Doch irgendwann vereinigen sich die drei Herren in kumpelhafter Kurpfälzer-Jäger-Deutschtümelei. Die Frau wird nurmehr als Sklavin für das eigene Wohlergehen behandelt. Obwohl, und da merkt man doch plötzlich auf, die ganze Naivität nur die eine Seite dieser eigenwilligen Dame ist, die sehr wohl weiß, wie sich sich am geschicktesten verhalten muß. Da bedürfte es gar nicht erst der aufdringlichen Überzeugungsversuche der Frau Nachbarin, der Anika Mauer alle Facetten einer grellen, klatschsüchtigen, im Leben und in der Liebe zu kurzgekommenen, aufgetakelten Fregatte gibt, die, nachdem sie endlich die kurzfristige Aufmerksamkeit des von ihr verehrten Maske gewonnen hat, wie ein Kleidungsstück zur Seite geworfen wird. Da helfen ihr alle Koch- und Kupplerinnenkünste nur wenig aus dem eigenen Elend.

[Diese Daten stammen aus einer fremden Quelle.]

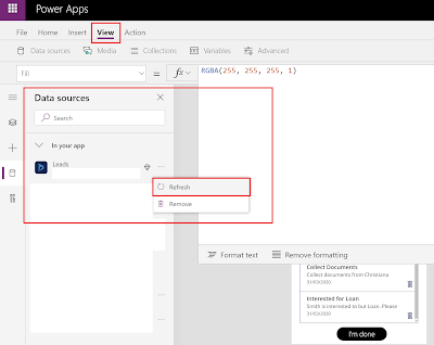 In Canvas App, once you create the data in the data source (D365), you have four possible options in order to get the updated data from the database.- Go to View > Data Sources > Right Click on the Entity/Table > Hit Refresh

Spießertum, Unterdrückung der Frauen und der Schwachen in der Gesellschaft, blinde Kaiserverehrung, Überheblichkeit des Bürgertums und Armseligkeit der Außenseiter – das war schon eine gewaltige Plattform für mutige Künstler und kritische Intellektuelle zu Beginn des 19. Jahrhunderts. Das gut gemachte Programmheft überzeugt mit authentischen und erhellenden Artikeln aus jener Zeit, als Theater noch ein Wagnis war! A.C.